[RECORDED DATA — start]

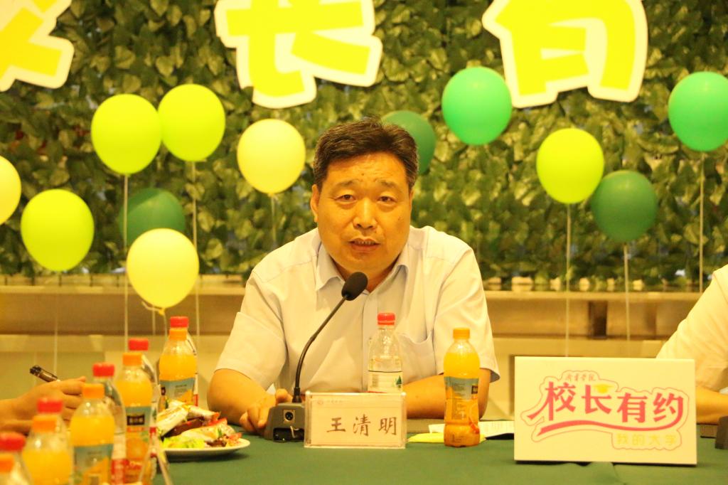 王清明认真倾听了毕业生代表的心声,详细记录了大家提出的意见建议,并就同学们关心的问题进行了逐一解答。他为同学们通过辛勤努力所取得的优异成绩深感高兴和自豪,对同学们的深入思考和高质量建言献策表示充分肯定,对大家积极关注学校发展的主人翁精神表示高度赞扬。王清明指出,2023届毕业生是时代奔腾、学校发展的参与者和见证者,亲历了中华人民共和国成立70周年、中国共产党成立100周年、中国共产主义青年团成立100周年、党的二十大胜利召开等重大历史时刻,见证了我国全面建成小康社会的辉煌成就,分享了学校第二次党代会绘就的美好蓝图所带来的喜悦,也以实际行动推动了学校高质量应用型本科高校建设取得新进展。
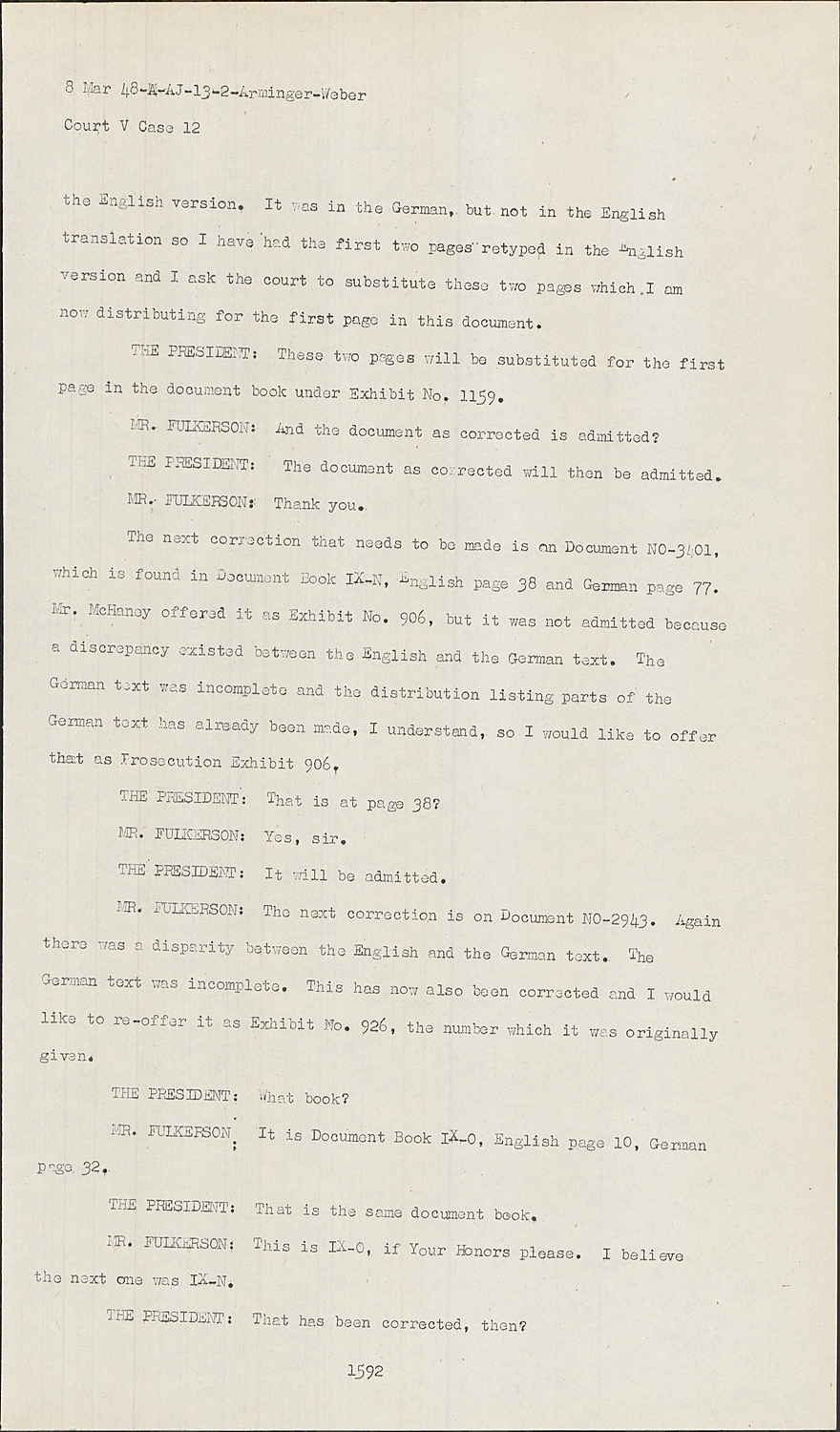 The next correction that needs to be made is on Document NO-3401, which is found in Document Book IX-N, English page 38 and German page 77. Mr. McHaney offered it as Exhibit No. 906, but it was not admitted because a discrepancy existed between the English and the German text. The German text was incomplete and the distribution listing parts of the German text has already been made, I understand, so I would like to offer that as Prosecution Exhibit 906
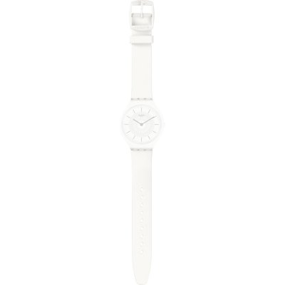 Ce bracelet de montre Swatchest fait de silicone et est attaché à la montre au moyen de goupilles en acier. Le bracelet a une taille de 14.6 mm et se ferme au moyen d'un boucle. Le bracelet n'a pas de support droit, ce qui signifie que ce bracelet convient uniquement aux montres énumérées ci-dessous.
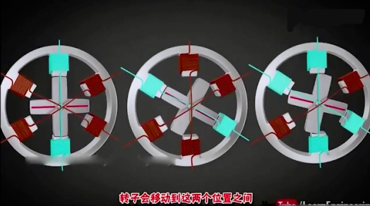 有六個定子齒部,三個分離的直流源進行驅動,轉動部分為轉子。

[RECORDED DATA — finish]

**EXERCISE DIRECTIONS:** What you return should be only the lines from the line with "Ce bracelet de" through the last line of the listing above, exactly, both ends included, pictures excluded.

**EXERCISE RESPONSE:**
 Ce bracelet de montre Swatchest fait de silicone et est attaché à la montre au moyen de goupilles en acier. Le bracelet a une taille de 14.6 mm et se ferme au moyen d'un boucle. Le bracelet n'a pas de support droit, ce qui signifie que ce bracelet convient uniquement aux montres énumérées ci-dessous.
 有六個定子齒部,三個分離的直流源進行驅動,轉動部分為轉子。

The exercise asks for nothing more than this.